§ **Exercise instructions**: Verbatim output of the lines below is required, with the images omitted.

§ **Recorded information**:
◆ ◆ ◆ ◆ ◆

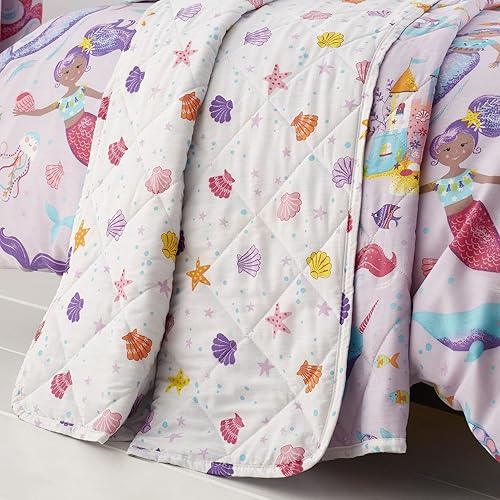 Happy Linen Company Couvre-lit matelassé réversible avec sirènes magiques pour filles Lilas Violet
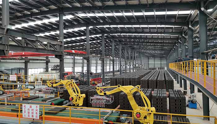 該項目位於南京江寧,是南京(jīng)目前規(guī)模較大的一處建築垃圾綜合處置廠,主要以工業固廢和工程渣(zhā)土為原料,生產成品磚。目前,從原料破碎到燒製成磚均(jun1)實現自動化流程,工業機器人成了“搬磚工”。現有的製磚(zhuān)生產線每年能消耗工業固廢和(hé)工程(chéng)渣土100萬噸。拆建垃圾廠房完全投產後,還可再消化拆建垃圾120萬-150萬噸,資源化利用率超過95%。再生產品可以用(yòng)於鋪路,也可以製成行道磚、盲道磚(zhuān)、透水磚等,真(zhēn)正讓建築垃圾“吃幹榨淨”。
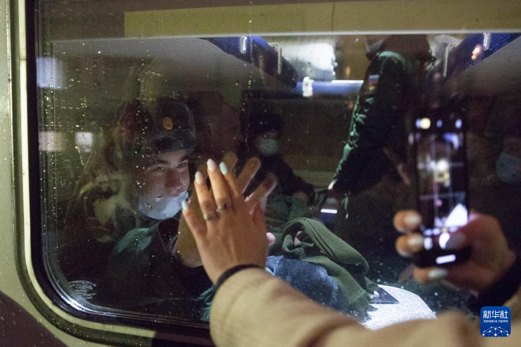 10月27日晚,应征入伍人员在俄罗斯圣彼得堡火车站与亲友告别,乘火车前往服役地。 据俄罗斯国防部消息,俄罗斯2021年秋季征兵工作于10月1日开始。 新华社发(莫京娜摄)
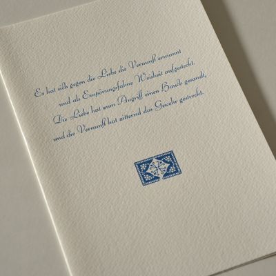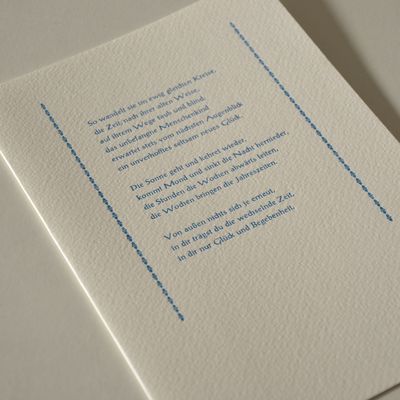 Klappkarte im Format A5 aus strukturiertem Designpapier (250 g) mit passendem Umschlag. Limitierte Auflage.

◆ ◆ ◆ ◆ ◆

§ **Answer for the task**:
 Happy Linen Company Couvre-lit matelassé réversible avec sirènes magiques pour filles Lilas Violet
 該項目位於南京江寧,是南京(jīng)目前規(guī)模較大的一處建築垃圾綜合處置廠,主要以工業固廢和工程渣(zhā)土為原料,生產成品磚。目前,從原料破碎到燒製成磚均(jun1)實現自動化流程,工業機器人成了“搬磚工”。現有的製磚(zhuān)生產線每年能消耗工業固廢和(hé)工程(chéng)渣土100萬噸。拆建垃圾廠房完全投產後,還可再消化拆建垃圾120萬-150萬噸,資源化利用率超過95%。再生產品可以用(yòng)於鋪路,也可以製成行道磚、盲道磚(zhuān)、透水磚等,真(zhēn)正讓建築垃圾“吃幹榨淨”。
 10月27日晚,应征入伍人员在俄罗斯圣彼得堡火车站与亲友告别,乘火车前往服役地。 据俄罗斯国防部消息,俄罗斯2021年秋季征兵工作于10月1日开始。 新华社发(莫京娜摄)
 Klappkarte im Format A5 aus strukturiertem Designpapier (250 g) mit passendem Umschlag. Limitierte Auflage.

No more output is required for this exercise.